**Data shown**
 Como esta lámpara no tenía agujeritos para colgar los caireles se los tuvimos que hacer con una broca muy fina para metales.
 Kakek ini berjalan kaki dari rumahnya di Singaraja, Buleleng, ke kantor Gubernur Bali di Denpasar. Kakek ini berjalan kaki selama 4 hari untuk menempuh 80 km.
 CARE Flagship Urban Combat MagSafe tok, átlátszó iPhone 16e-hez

...

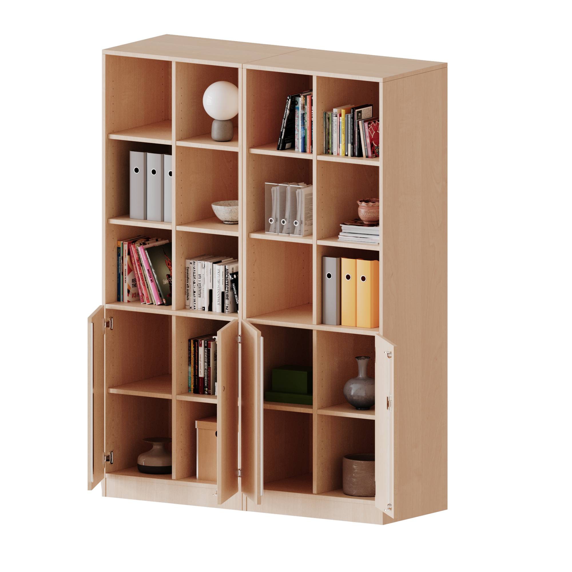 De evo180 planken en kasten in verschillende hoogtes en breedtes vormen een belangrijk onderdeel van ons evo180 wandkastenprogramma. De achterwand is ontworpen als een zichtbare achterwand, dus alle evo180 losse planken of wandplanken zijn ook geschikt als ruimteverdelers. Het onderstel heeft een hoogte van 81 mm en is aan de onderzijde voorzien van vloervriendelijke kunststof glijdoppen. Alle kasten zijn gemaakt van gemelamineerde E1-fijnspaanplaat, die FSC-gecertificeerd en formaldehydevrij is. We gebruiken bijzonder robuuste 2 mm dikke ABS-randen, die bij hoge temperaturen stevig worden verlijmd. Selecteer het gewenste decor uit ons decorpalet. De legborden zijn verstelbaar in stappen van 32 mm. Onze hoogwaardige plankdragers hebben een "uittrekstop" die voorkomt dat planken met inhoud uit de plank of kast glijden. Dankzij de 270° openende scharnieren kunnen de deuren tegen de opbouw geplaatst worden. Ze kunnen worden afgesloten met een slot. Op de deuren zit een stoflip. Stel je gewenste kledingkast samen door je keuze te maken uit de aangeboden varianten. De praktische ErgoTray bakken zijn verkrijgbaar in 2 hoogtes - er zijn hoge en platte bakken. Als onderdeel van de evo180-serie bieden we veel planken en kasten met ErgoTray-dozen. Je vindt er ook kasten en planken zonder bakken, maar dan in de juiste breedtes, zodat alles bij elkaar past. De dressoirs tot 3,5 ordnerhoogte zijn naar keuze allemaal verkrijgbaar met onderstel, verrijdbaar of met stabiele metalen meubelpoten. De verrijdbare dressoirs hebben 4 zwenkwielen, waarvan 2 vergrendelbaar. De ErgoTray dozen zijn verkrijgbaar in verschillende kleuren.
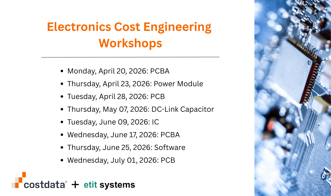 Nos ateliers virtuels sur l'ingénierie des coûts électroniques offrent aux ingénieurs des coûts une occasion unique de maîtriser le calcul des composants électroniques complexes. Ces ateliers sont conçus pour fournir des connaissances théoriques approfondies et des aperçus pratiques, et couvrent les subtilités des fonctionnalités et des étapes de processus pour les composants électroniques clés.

**Exercise details**
Set down, unchanged, only those lines above that fall between the line with "Como esta lámpara" and the line with "CARE Flagship Urban", the two end lines included.

**Answer space**
 Como esta lámpara no tenía agujeritos para colgar los caireles se los tuvimos que hacer con una broca muy fina para metales.
 Kakek ini berjalan kaki dari rumahnya di Singaraja, Buleleng, ke kantor Gubernur Bali di Denpasar. Kakek ini berjalan kaki selama 4 hari untuk menempuh 80 km.
 CARE Flagship Urban Combat MagSafe tok, átlátszó iPhone 16e-hez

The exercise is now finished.